The ramblings of an Eternal Student of Life     
. . . still learning how to think    

Friday, February 01, 2008

WALLINGTON, NEW JERSEY used to be notorious for its bars. Well, perhaps notorious is too strong a word. They generally weren’t centers of gambling and prostitution. They were mostly blue-collar shot-and-a-beer places. But there were plenty of them, located on both the main drags and the back streets. Back during the Great Depression of the 1930’s, a lot of homeowners put an addition on the front of their houses and opened up a bar where the parlor would have been. Despite all the national unemployment, there were still many people working in the mills across the river in Passaic, and with all of the gloom, most of them could use a drink on the way home. So there was just enough demand for convenient liquor as to allow these homeowners to make a few coins. Back in the Depression, every little coin helped.

Many of these little mom-and-pop bars held on into the 1960s and 1970s. A few would still open up now and then, into the 1990s. By 2000, though, just about all of these neighborhood places were gone. Not that Wallington has gone dry, but you now have to stick to the thoroughfares and find a bar with upscale pretensions, or maybe a place with a restaurant attached (or the bowling alley on Paterson Avenue). Interestingly, though, if you walk the back streets of old-town Wallington, you will notice all of the funny-looking houses with living rooms extending out to the sidewalk line; i.e., the remains of the old bars.

Actually, there is one little tavern on Locust Avenue that is barely hanging on, but it’s in its last days. Locust Avenue is one of the main drags; however, the layout of this place is definitely classic Wallington-1930s, i.e. a shoebox in the front of an old two story house. The establishment in question had been run since the Depression by the Puzio family. Sometime during the late 70s or early 80s, one of the sons living at home decided to fix the place up a bit and keep regular evening hours on most weekdays and on Saturdays. It was no longer a dingy old bar smelling of spilled beer and rye, with a couple of old guys on metal stools burning cigarettes in the dark while watching a ball game on a TV above the cash register. “Pee Wee” (what everyone called the fellow who ran the place) built up a patronage of college students and young middle-class professionals during the 1980s. And I was one of those patrons. The “Colonial Room” (the place actually didn’t have a sign with that name, but there were printed matchbooks saying “Pee Wee’s Colonial Room”) was always a nice place to start the evening with. You’d leave by 10pm for other points of interest, for places where more exciting things may or may not have been happening.

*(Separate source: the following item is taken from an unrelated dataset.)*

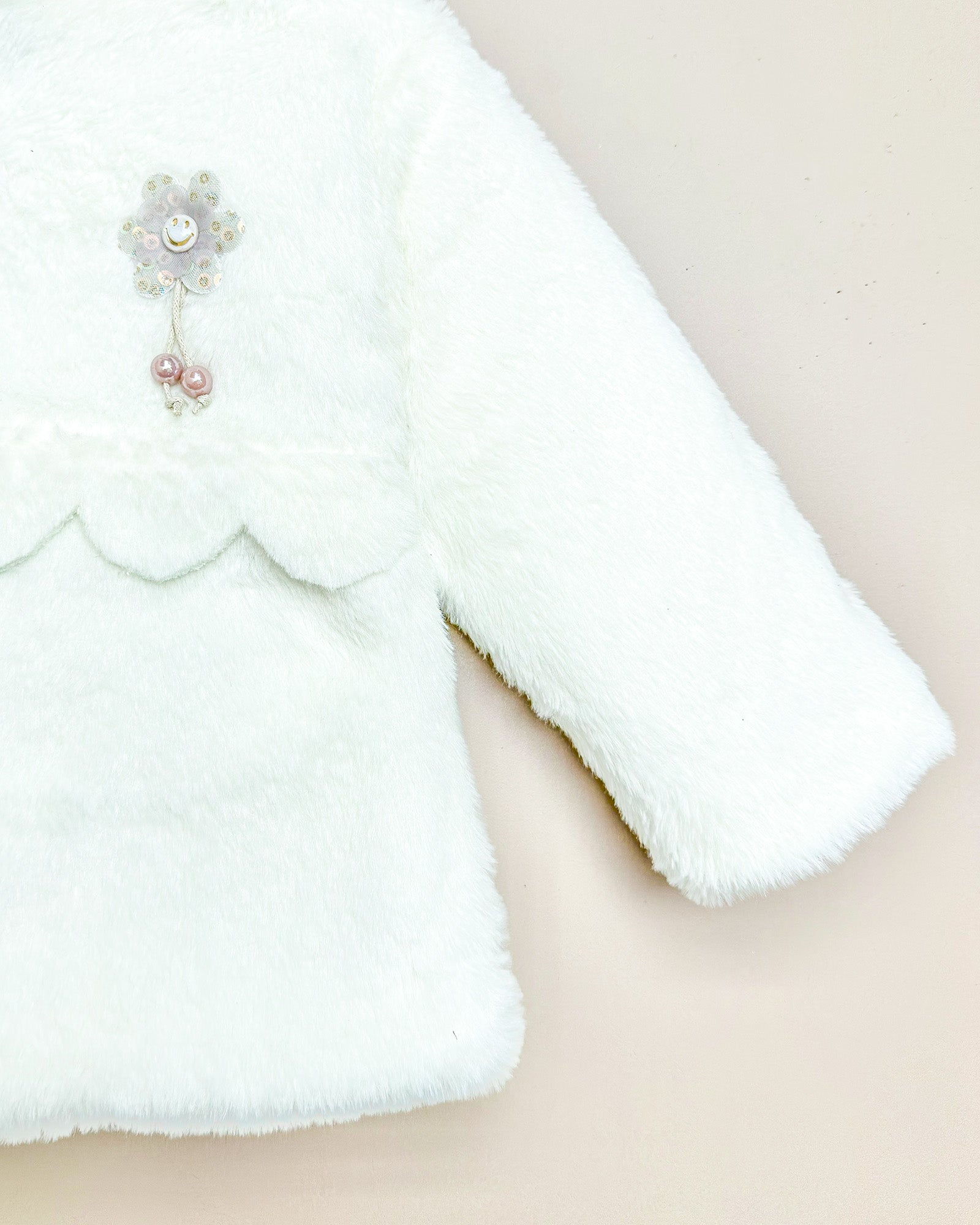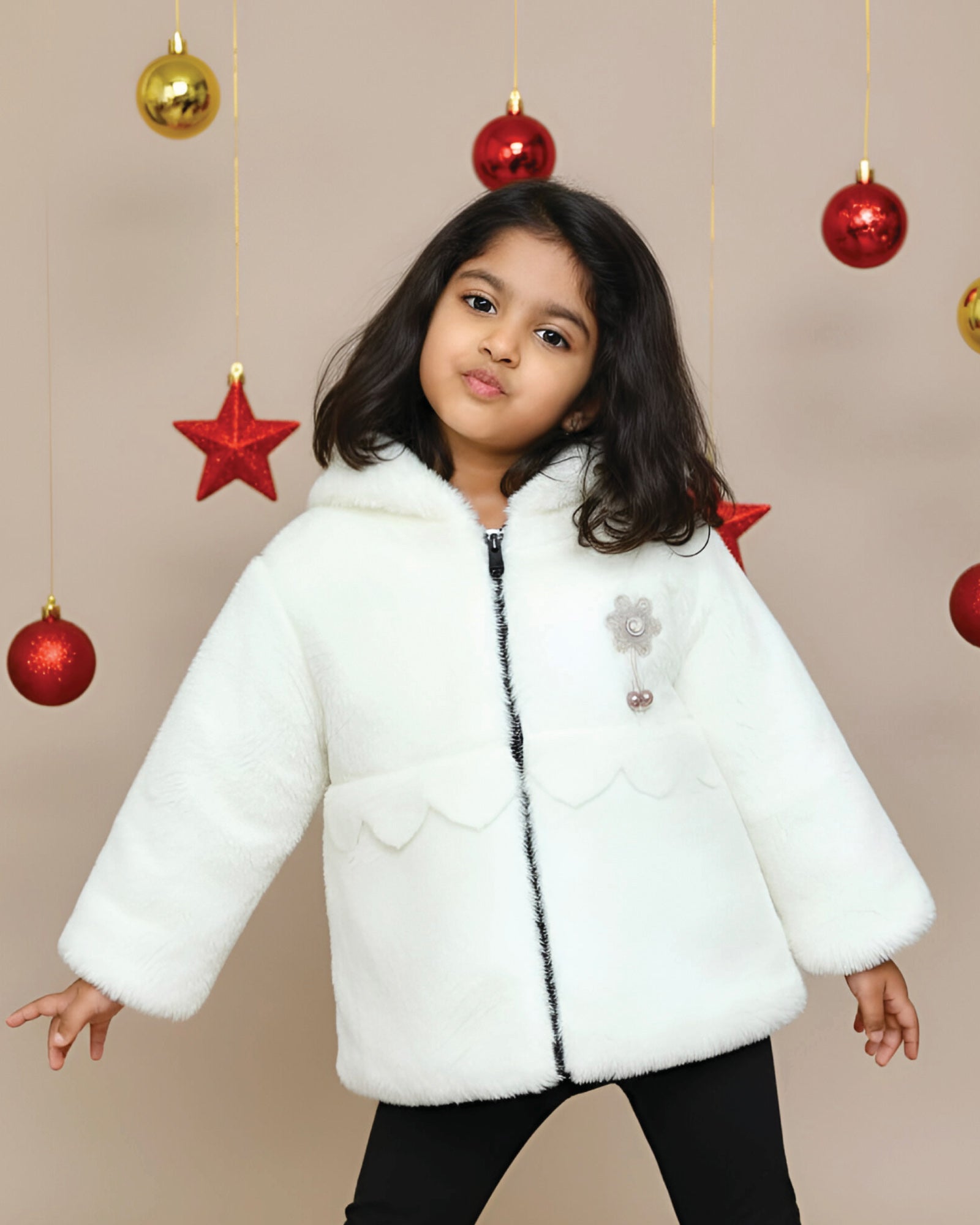 Bring on the cozy feels with our Fur Full-Sleeve Jacket – Snow, a dreamy winter essential that blends warmth, elegance, and playful charm! This soft-as-cloud jacket is designed in a luxurious snow-white faux fur fabric that feels like a gentle hug. Adorned with a delicate flower applique brooch and a scalloped edge detail, it’s perfect for festive celebrations, cozy outings, or those adorable twirl-worthy photo moments!
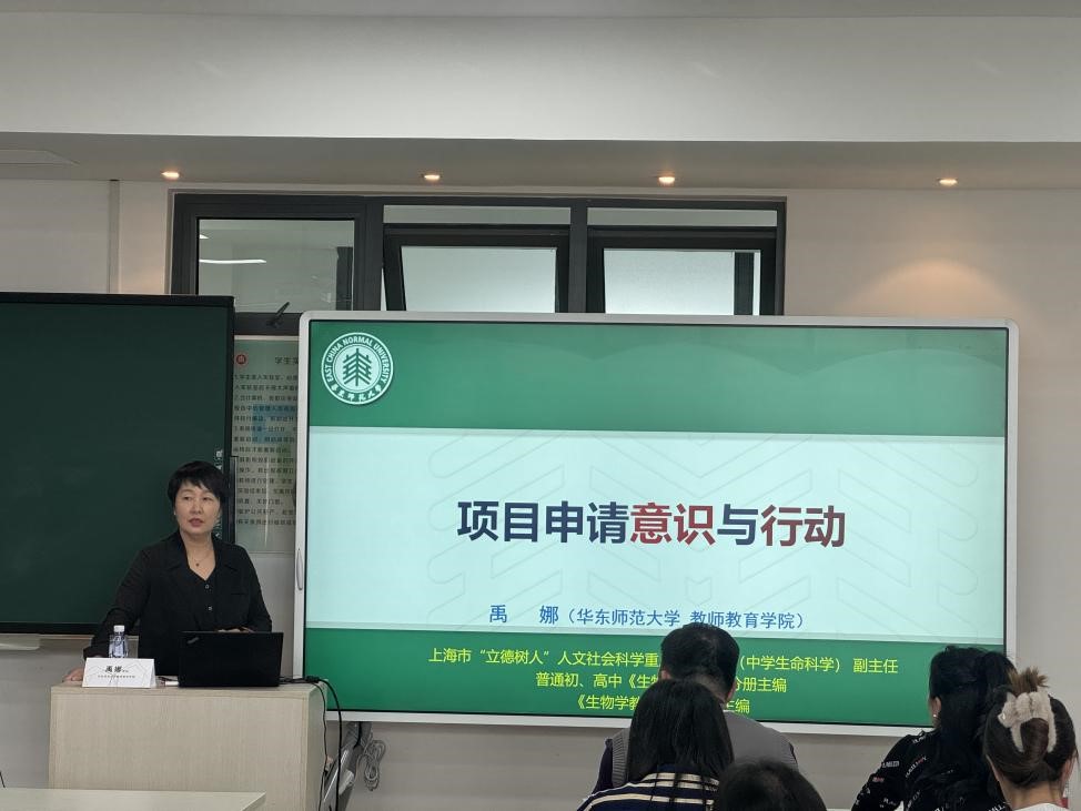 对于项目申请许多老师都跃跃欲试,但面对长长的项目申请书和项目周期又望而却步。下午的培训中,华东师范大学教授禹娜老师直击教师在项目研究上的痛点,以“项目申请意识与行动”为主题,详细剖析了项目申请书的题目、背景和意义、选题依据、研究方案、可行性、预期成果、阶段性安排等组成要素,借助真实案例为老师们提供了切实可行的理论思考和方法论指导。

But even if the rest of the evening went bust, at least you got a nice hour or so in at Pee Wee’s.

Pee Wee works a day job, and by the 1990s, he lost interest in being a barkeeper by night. The place wasn’t open as much, and then finally wasn’t open at all. The 21st Century arrived without a Colonial Room available to stop into for a beer and a quick chat with good old Pee Wee. The world had lost another good thing. But not totally, as it turned out. Last year, my brother told me that he had run into Pee Wee at his church, and even though the guy is now in his early 80’s, he said he would try to open the bar on Saturday nights – although he couldn’t promise that it would be every Saturday.

Nonetheless, Pee Wee did make good-enough on his promise, and late last December I stopped in with my brother for a reunion. It was bittersweet. Pee Wee was now an old man; he’s still in pretty good shape for his age, but different from the guy I remembered (although he still has a good barkeeper’s knack for hospitality; e.g. he still gives you a glass with your beer bottle, without asking). The place was mostly empty and quiet. Pee Wee only had the background lights on, unlike the old days when all the lights were lit and the seats were full of people chatting and laughing. Behind the bar were just a few bottles, just enough to fix a couple of mixed drinks; quite unlike the rows of bottles on the shelves against the back wall, as in the old days. The reunion was great, but there was no doubt that it was 2007, and that the old magic wasn’t coming back.

My brother and I got there again last week; things were about the same, but I wasn’t expecting much this time. In a way, the melancholy had lifted somewhat with oldies music playing in the background, and with another customer or two present. But a “new era” for the Colonial Room is not in the offing. Pee Wee told us that he and his wife now have the place up for sale, and hope to move out of state in a few months. So although we will hopefully get back there at least once more before the end, the focus must remain on the past, and not the future. The goodbye process has begun. But at least there will be a goodbye process. Too many good things pass without a decent goodbye.

So here’s a pic of “the Wee” in his bar, with two friends. He’s obviously the guy in the center; Wallington is not good with irony, so you don’t expect a “Pee Wee” there to be a 7-footer, nor a “Big Moe” to be four-eight. Nonetheless, Pee Wee was a classic “tavern keeper”. The world will have lost something on the night when he locks the front door of the “Colonial Room” for the last time.


What a very nice tribute to your friend Pee Wee AND to the pleasant and happy times you and your friends had in his bar.

A good tribute to old times; yes, they are in the past. But very good that you have a chance to say good-bye.